27 February 2014

Earth’s Crust Is 4.4 Billion Years Old, According to Australian Crystals

Zircon found on a Western Australia sheep farm may be the oldest piece of our planet.


February 26, 2014


Scientists have confirmed that a microscopic crystal found in Australia is the oldest known piece of the Earth’s crust. Using advanced dating techniques, they determined that the tiny fragment of zircon is 4.4 billion years old.

Researchers from the University of Wisconsin published their findings in the journal Nature Geoscience earlier this week.

The zircon, found on a sheep ranch in the Jack Hills region of Western Australia, indicates that our planet’s crust hardened much more rapidly than originally thought – 100 million years after the Earth itself was born and just 160 million years after the formation of the solar system. This supports the so-called “cool early Earth” theory that was hypothesized in 2002.

“[The zircon] proves that Earth remained a fiery ball covered in a magma ocean for a shorter period of time after its creation than previously thought,” said AFP. “The Earth is thought to have formed about 4.5 billion years ago, but little is known about its early years, particularly when it became cool enough for the crust to congeal from a sea of molten rock and for liquid water to form. Some had postulated the cooling would have required as much as 600 million years.”

Zircon, a common mineral found in igneous, metamorphic and sedimentary rocks, occurs in many colors – including red, yellow, blue and green. Colorless zircon specimens are a popular substitute for diamond. Though large zircon crystals are rare, they can grow to be several centimeters in length.

The pieces found in Australia measure only 200 by 400 microns – twice the diameter of a human hair.

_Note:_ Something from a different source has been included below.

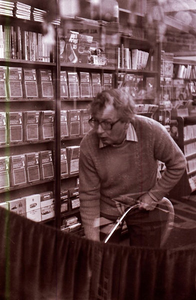 (A212) Mat Mathau at 7 Day shop opposite Conservative Club, Trowbridge.

“Zircons can be large and very pretty, but the ones we work on are small and not especially attractive except to a geologist,” John Valley, the study’s lead author, told The Sydney Morning Herald. “If you held it in the palm of your hand, if you have good eyesight you could see it without a magnifying glass.”

To determine the zircon’s age, Valley’s team applied two atomic dating techniques. First, they had to expose radioactive lead atoms within the crystals. The lead atoms, which actually started as uranium but decayed into lead over time, were trapped inside the crystals during the Earth’s solidification process.

The final step was examining the lead atoms for signs of altered radioactivity, using a technique called atom-probe tomography. This process acted as a fail-safe, allowing researchers to confirm that the zircon was 4.374 billion years old (with a margin of error of plus or minus 6 million years).

Valley’s paper may also suggest that water was present in the liquid magma ocean where the zircon crystals were likely created.

“We’ll never know how much water there really was, but the simplest interpretation of those zircons coming from granitic rocks, is that we had a hydrous planet right from the very beginning,” said Professor Samuel Bowring of the Massachusetts Institute of Technology, who wrote an accompanying analysis of Valley’s research. “The water was probably accreted with the rest of the parts of the Earth as the planet formed.”

Though the oldest existing fossils of microorganisms known as stromatolites are roughly 3.4 billion years old, Valley said that the Earth may have been able to sustain microbial life much earlier.

“We have no evidence that life existed then – we have no evidence that it didn’t,” he added. “There is no reason why life could not have existed on Earth 4.3 billion years ago.”